Alas, very soon you will find that the bulk of the "user stories" are nothing but glorified one-liners that no one seems to recall what exactly they're supposed to mean, and those few elaboratedly detailed tickets end up rotting because they keep being deprioritised and now describe a world long gone. Soon enough you will find that your sprint planning meetings will cover less and less of the product backlog - after all, who is able to prioritise this mess? Some stories don't even make any sense! The final act is when all stories worked on are stories raised directly on the sprint backlog, and the product backlog is nothing but the dumping ground for the stories that didn't make it on a given sprint. At this stage, the product backlog is in such a terrible mess that no one looks at it, other than for the occasional historic search for valuable details on how a bug was fixed. Eventually the product backlog is zeroed - maybe a dozen or so of the most recent stories make it through the cull - and the entire process begins anew. Alas, enlightenment is never achieved, so you are condemned to repeat this cycle for all eternity.

As expected, the Potmenkin Product Backlog adds very little value - in fact it can be argued that it detracts value - but it must be kept because "agile requires a product backlog".

Bug-Trackers: Lessons From History

In order to understand the difficulties with a product backlog, we turn next to their logical predecessors: bug-tracking systems such as Bugzilla or Jira. This post starts with a quote from the kernel's Benevolent Dictator that illustrates the problem with these. Linus has long taken the approach that there is no need for a bug-tracker in kernel development, although he does not object if someone wants to use one for a subsystem. You may think this is a very primitive approach but in some ways it is also a very modern approach, very much in line with agile; if you have a bug-tracking system which is taking time away from developers without providing any value, you should remove the bug-tracking system. In kernel development, there simply is no space for ceremony - or, for that matter, for anything which slows things down².
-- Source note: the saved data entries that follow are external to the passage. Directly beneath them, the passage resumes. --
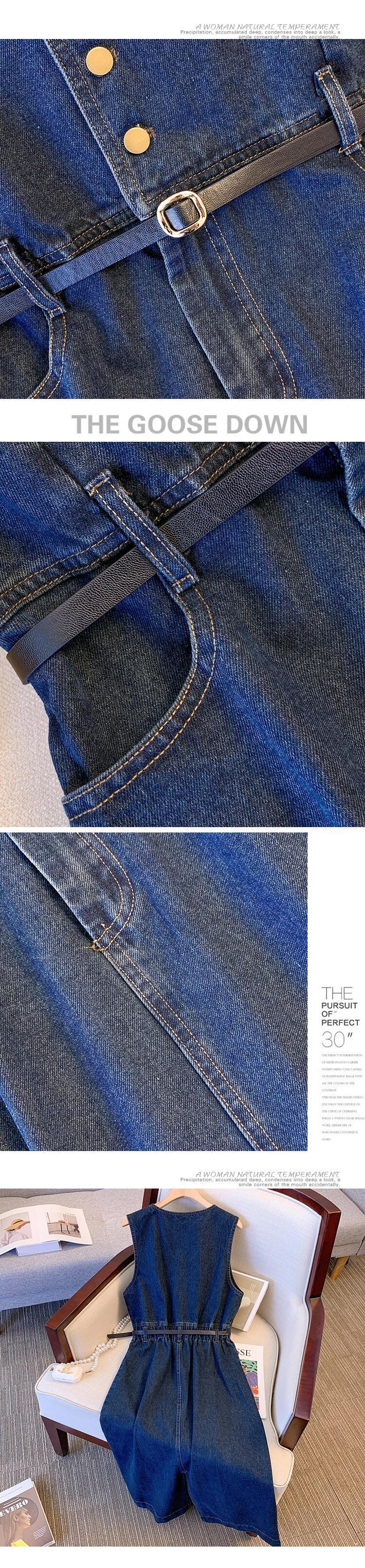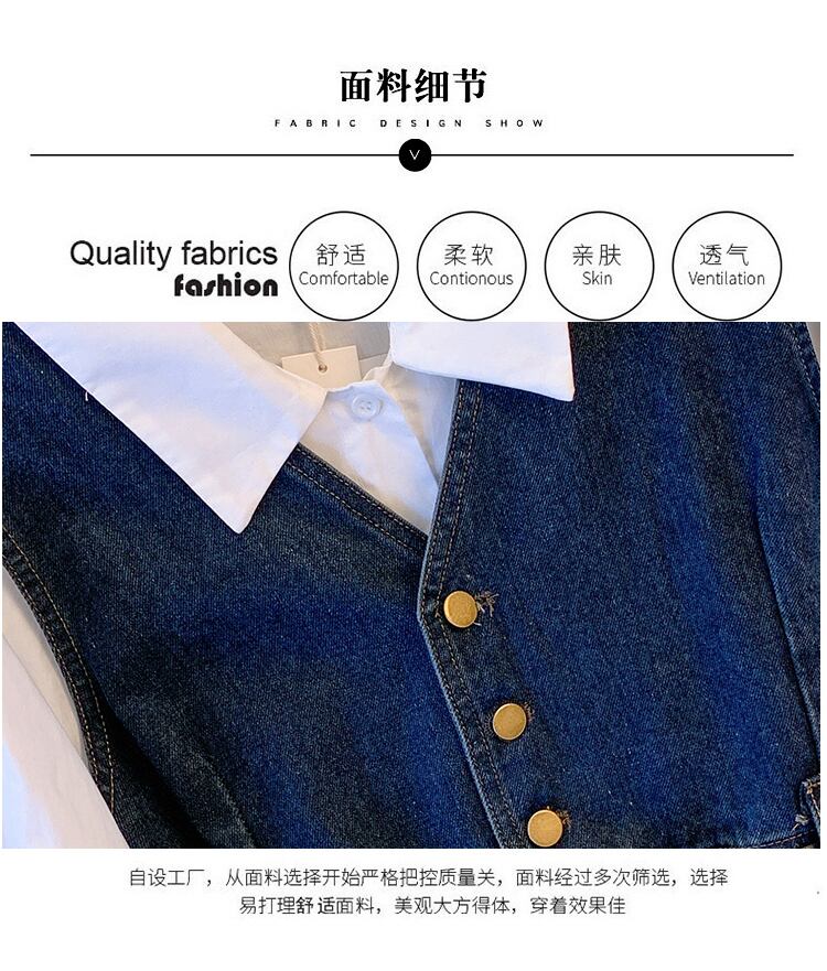 プラスサイズの婦人服 2023 春の新しいファットシスターファッションデニムサスペンダースカートショート無地シャツ 2 点セット 大きめサイズ スプリング 春物 ソリッドカラー 888417947802990
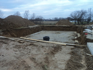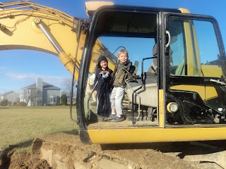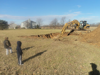 We got er done and got the footing tiles in and covered with pea gravel and now are hoping to pour basement walls at the end of this week! As bummed as I am about not having ice for fishing, I am pretty thankful for the mild weather for building this house. Here are some pics of the boys watching the basement get dug:
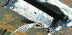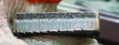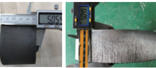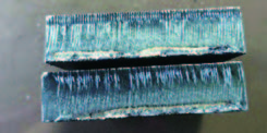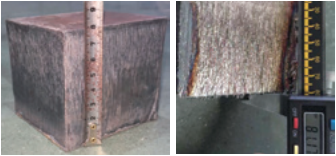 (3)板材斷麵上層條紋良好,但底部掛渣且影響斷麵效果
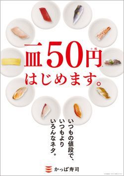 すし1皿一貫を税別50円で提供
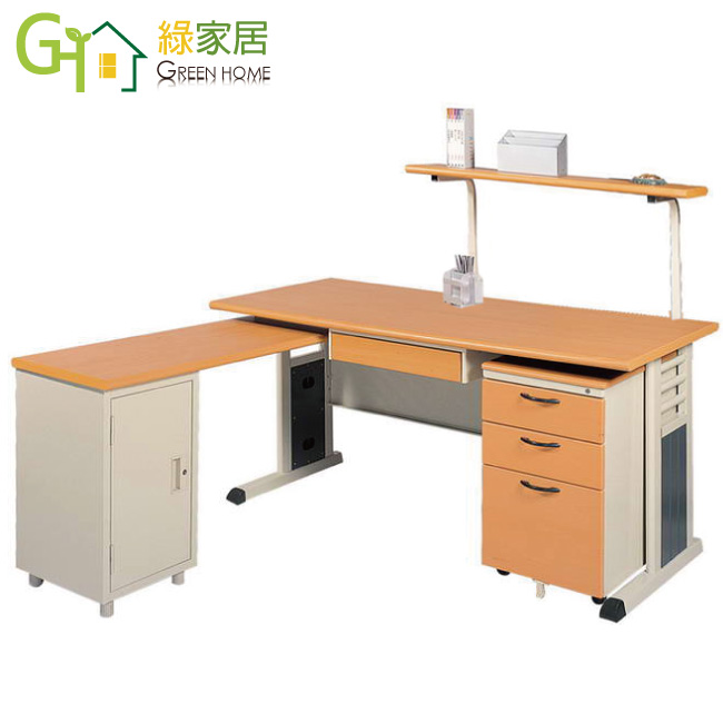 【綠家居】泰爾L型5.3尺辦公桌組合(單活動櫃+側桌櫃+桌上架)

All of which begs the question: what makes bug-tracking systems so useless? From experience, there are a few factors:

they are a "fire and forget" capture system. Most users only care about entering new data, rather than worrying about the lifecycle of a ticket. Very few places have some kind of "ticket quality control" which ensures that the content of the ticket is vaguely sensible, and those who do suffer from another problem:
they require dedicated teams. By this I don't just mean running the bug-tracking software - which you will most likely have to do in a proprietary shop; I also mean the entire notion of Q&A and Testing as separate from development, with reams of people dedicated to setting "environments" up (and keeping them up!), organising database restores and other such activities that are incompatible with current best practices of software development.
they are temples of ceremony: a glance at the myriad of fields you need to fill in - and the rules and permutations required to get them exactly right - should be sufficient to put off even the most ardent believer in process. Most developers end up memorising some safe incantation that allows them to get on with life, without understanding the majority of the data they are entering.
as the underlying product ages, you will be faced with the sad graph of software death. The main problem is that resources get taken away from systems as they get older, a phenomena that manifests itself as a growth in the delta between the number of open tickets against the number of closed tickets. This is actually a really useful metric but one that is often ignored.³.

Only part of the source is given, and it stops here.